Para os psiquiatras que anunciaram estes desenvolvimentos nos anos 80, as respostas pareciam claras. No final do século XIX, eles acreditavam que o campo da psiquiatria – especialmente na Europa de língua alemã – estava de fato no caminho certo. Sob a liderança de Theodor Meynert e Emil Kraepelin, tinha seguido um robusto programa de pesquisa biológica. Infelizmente, os freudianos tinham aparecido, virado a cabeça de todos e liderado o campo por mais de meio século em um deserto científico. Finalmente, porém, novos e excitantes desenvolvimentos em neurociência, genética e psicofarmacologia tinham mudado as coisas. Evidências irrefutáveis de que os distúrbios mentais eram doenças cerebrais tinham encorajado uma nova geração de psiquiatras biológicos a derrubar os freudianos e a trazer de volta o cérebro como o principal objeto de pesquisa, diagnóstico e tratamento psiquiátrico. Foi uma história explicativa simples, com heróis e vilões claros, e acima de tudo um final satisfatoriamente feliz.
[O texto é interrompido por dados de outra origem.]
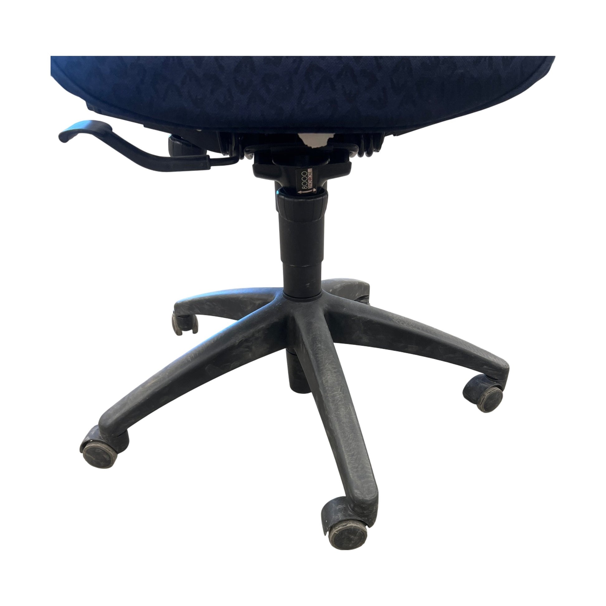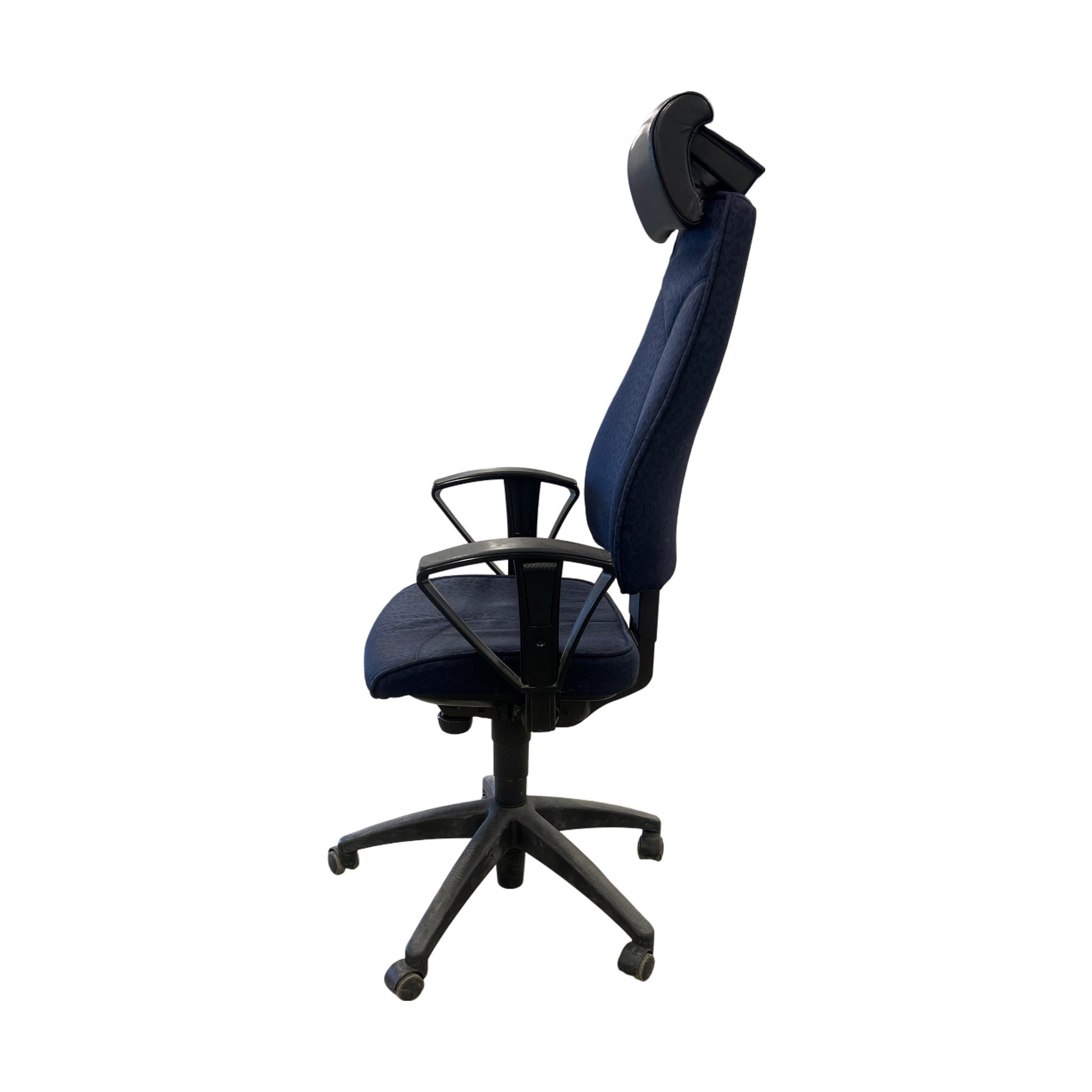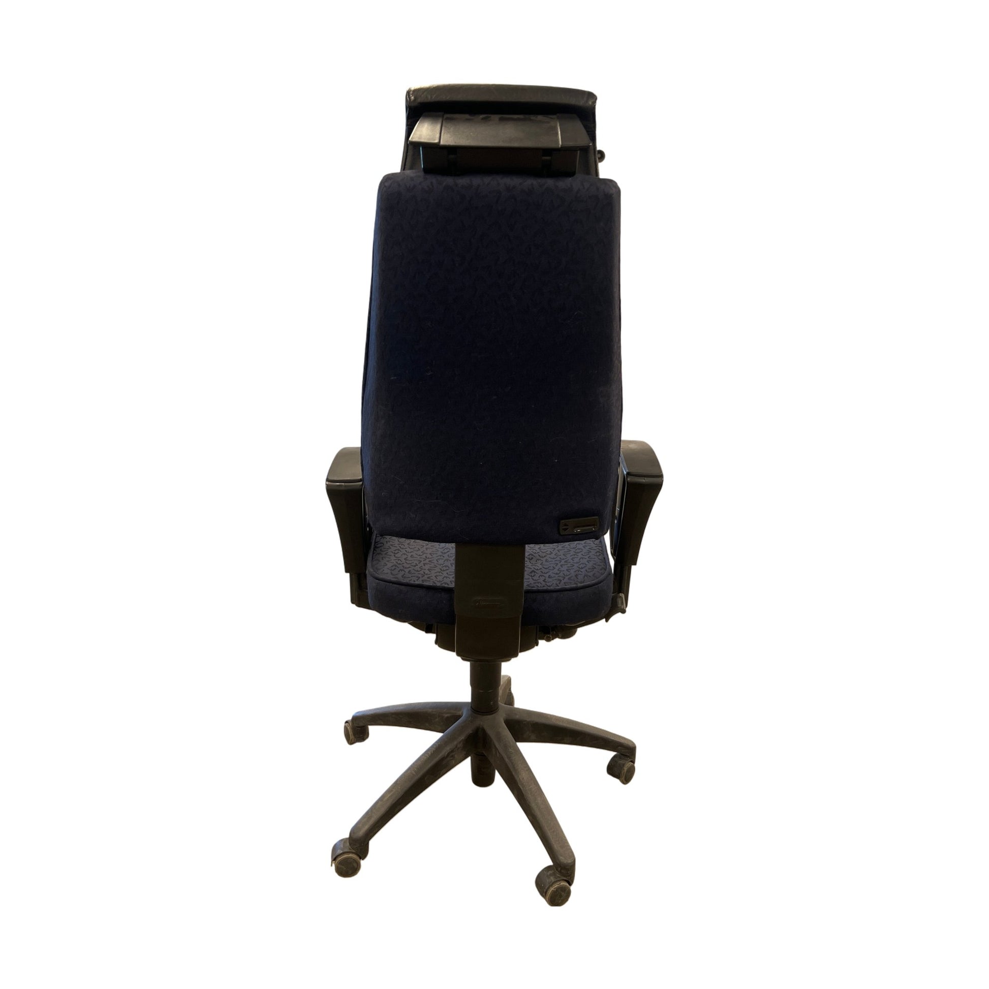 Stolen er i godt brukt tilstand med normale bruksmerker. Detaljer som stoff og armlener er intakte, og alle justeringsfunksjoner virker som de skal.
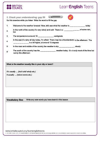 1. Welcome to the weather forecast. Now, let’s see what the weather is _______________ today.
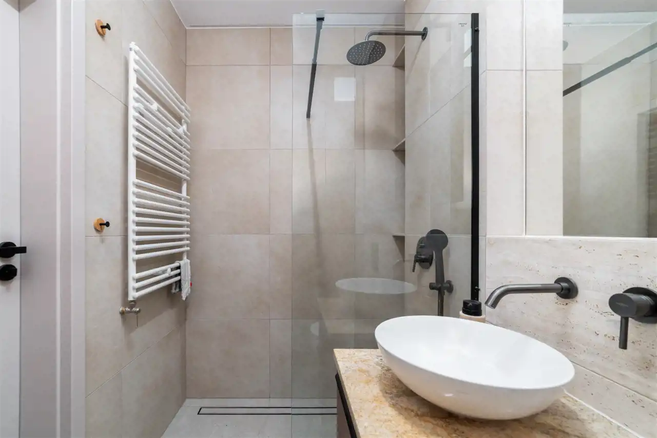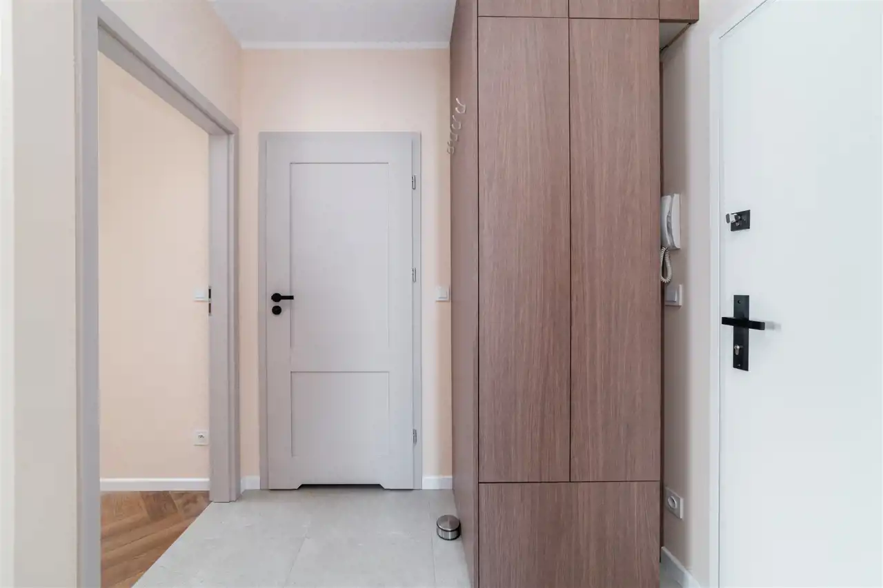 - nowoczesną łazienkę z WC wyposażoną w prysznic oraz zabudowę w której m.in znajduje się pralka;

O único problema com esta história é que está errada – não apenas ligeiramente errada, mas errada em cada particular. Os psiquiatras cerebrais do século XIX não eram versões iniciais dos revolucionários biológicos dos anos 80, exceto talvez pelo fato de que eles usavam coletes mais longos e tinham mais pêlos faciais. Seu projeto não caiu vítima do chamado da sereia da psicanálise. Ele falhou nos seus próprios termos. Os psiquiatras freudianos só chegaram a posições de poder significativo depois da Segunda Guerra Mundial (não antes), e o fizeram não porque foram capazes de persuadir brevemente um número suficiente de pessoas a acreditarem em suas tolices, mas porque pareciam ter compreendido melhor os desafios da saúde mental do pós-guerra do que os biólogos tinham….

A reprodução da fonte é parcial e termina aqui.